In this work drawn from lectures delivered in 1994 a founding figure of cultural studies reflects on the divisive, deadly consequences of our politics of identification. Stuart Hall untangles the power relations that permeate race, ethnicity, and nationhood and shows how oppressed groups broke apart old hierarchies of difference in Western culture.

The Fateful Triangle Summary

The Fateful Triangle: Race, Ethnicity, Nation by Stuart Hall

In The Fateful Triangle-drawn from lectures delivered at Harvard University in 1994-one of the founding figures of cultural studies reflects on the divisive, often deadly consequences of our contemporary politics of identification. As he untangles the power relations that permeate categories of race, ethnicity, and nationhood, Stuart Hall shows how old hierarchies of human identity in Western culture were forcefully broken apart when oppressed groups introduced new meanings to the representation of difference.

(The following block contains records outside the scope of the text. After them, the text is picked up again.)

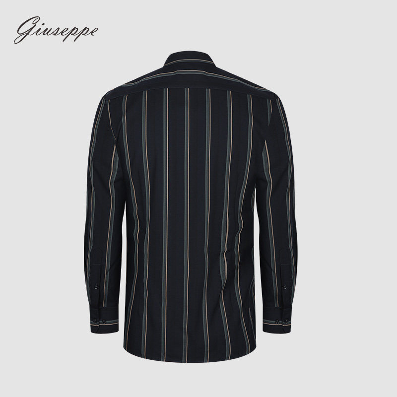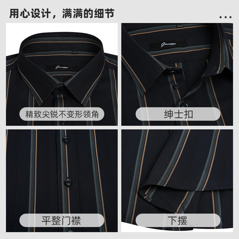 乔治白2025秋冬季衬衫男款长袖商务正装条纹通勤尖领休闲简约透气
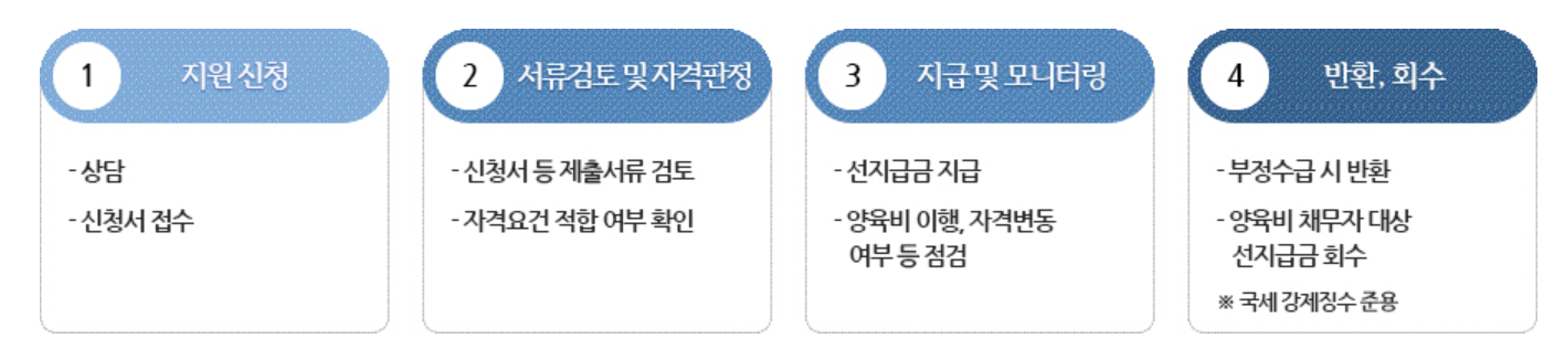 이 제도는 비양육 부, 모로부터 양육비를 받기 전에 국가가 먼저 양육비를 지급하고,
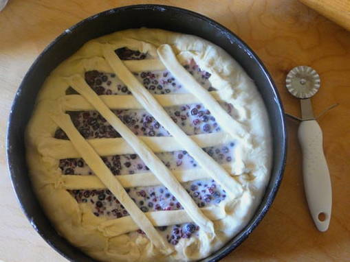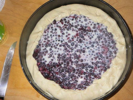 - Bereid de vulling voor. Meng de bosbessen met het zetmeel en de suiker. Leg het resulterende mengsel op een gistdeegbodem.

From the Renaissance to the Enlightenment, the concept of race stressed distinctions of color as fixed and unchangeable. But for Hall, twentieth-century redefinitions of blackness reveal how identities and attitudes can be transformed through the medium of language itself. Like the badge of color W. E. B. Du Bois evoked in the anticolonial era, black became a sign of solidarity for Caribbean and South Asian migrants who fought discrimination in 1980s Britain. Hall sees such manifestations of new ethnicities as grounds for optimism in the face of worldwide fundamentalisms that respond with fear to social change.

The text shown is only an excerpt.